Byline: Faiza Saleem and Shahid Amin

Summary: In the present work, effect of hardness on dyeing of cotton fabric using bi-functional reactive dyes has been investigated. Water hardness due to Ca, Mg and Fe with different anions has been considered. For hardness parameters anions types and concentration are varied during this work. For bi-functional reactive dye parameters, dye shades with variable concentration values have been considered. Effects of these parameters i.e. dye type, concentration, hardness type and its concentration are evaluated by variation in color value, rubbing and washing tests.

Keywords: Bi-functional reactive dyes, Water hardness, Ca, Mg, Fe

Introduction

The role of water in dyeing as a vital raw material is of fundamental importance.
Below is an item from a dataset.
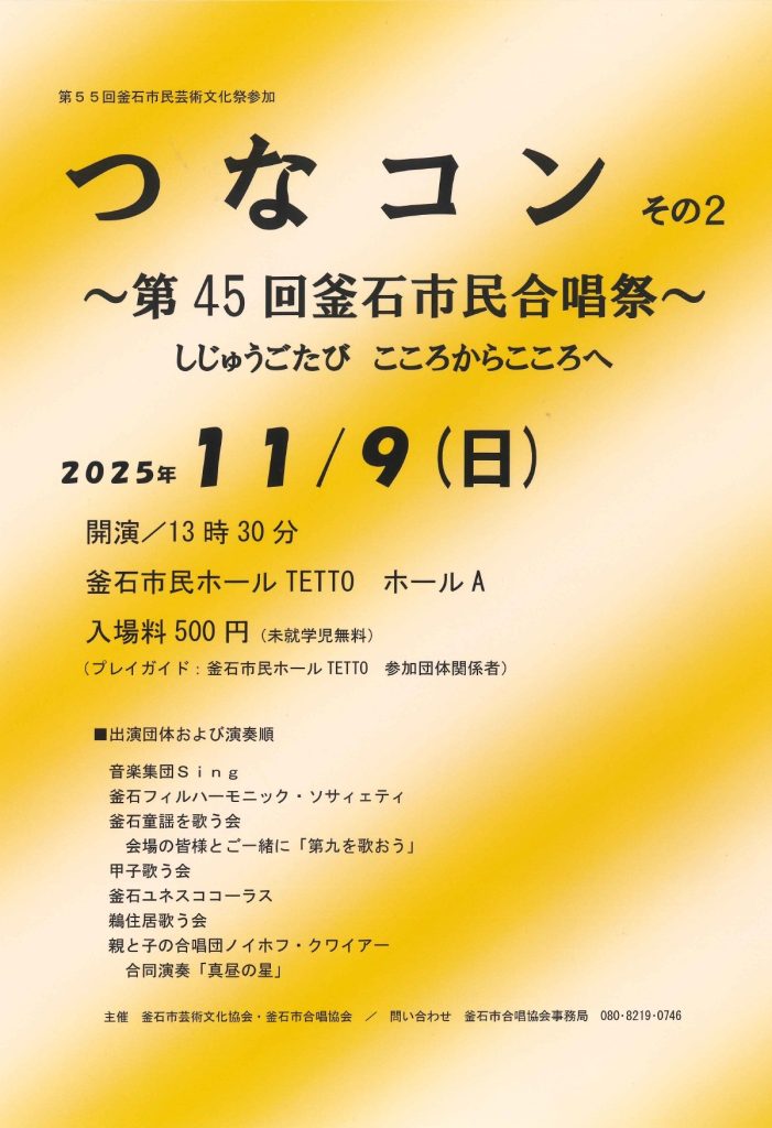 つなコン その2 第45回釜石市民合唱祭 チケット販売中コンサート イベント概要 第55回釜石市民芸術文化祭 参加 つなコン しじゅうごたび こころからこころへ ~つながろう・つなげよう・絆のコンサート~ 開催日 2025年11月9日(日) 開場時間 13:00 開演時間 13:30 会場 釜石市民ホールTETTO ホールA 料金 500円 お問い合わせ 釜石市合唱協会 080-8219-0746 主催等 【主催】釜石市合唱協会 share

Water is used as a system for the distribution of dye and energy in dyeing machines as well as it participates in the formation of dye-fiber bonds. Hard water was coined to define its soap consuming power, indicating quality with respect to its washing characteristics [1]. Soap consuming capacity of water sample is mainly due to the presence of calcium and magnesium metal ions. Other metal ions like Fe and Al also react with soap in the same fashion, thus contributing to hardness. Generally these are present in natural waters only in traces. Further carbonic acids can also cause free fatty acid to separate fabric from soap solution and thus contribute to hardness. However in practice the hardness of water sample is usually taken as a measure of its Ca and Mg contents [2].
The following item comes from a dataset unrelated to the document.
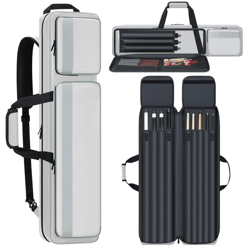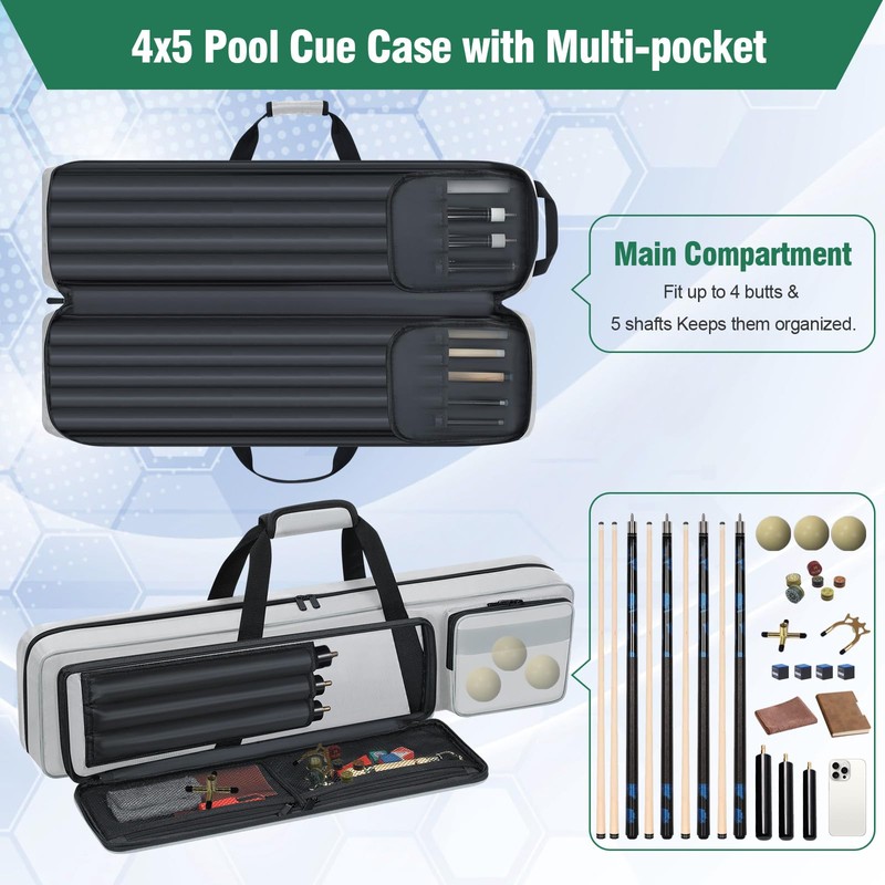 Billiard Stick Bag - Soft Padded 4x5 Pool Cue Case with Multi-pocket for 4 Butts and 5 Shafts, Backpack-straps for Cues and Accessories (Grey)

Reactive dyes are colorants used mainly on cotton to achieve high wash fastness on leisurewear. The basis for their good wash fastness is the formation of a covalent bond to cellulose chains during the fixation step. Unfortunately, fiber fixation is always accompanied by alkali-induced dye hydrolysis, leading to dye molecules that cannot undergo fixation with cellulose. Bi functional reactive dyes containing monochlorotriazine and sulphatoethylsulphonic groups give excellent color values, solubility, substainity and diffusion having physical and chemical properties of dye fabric, were controlled by the chemical structure of dye and dyeing conditions. Bi functional dyes were found more stable when compared with mono functional reactive dyes [3].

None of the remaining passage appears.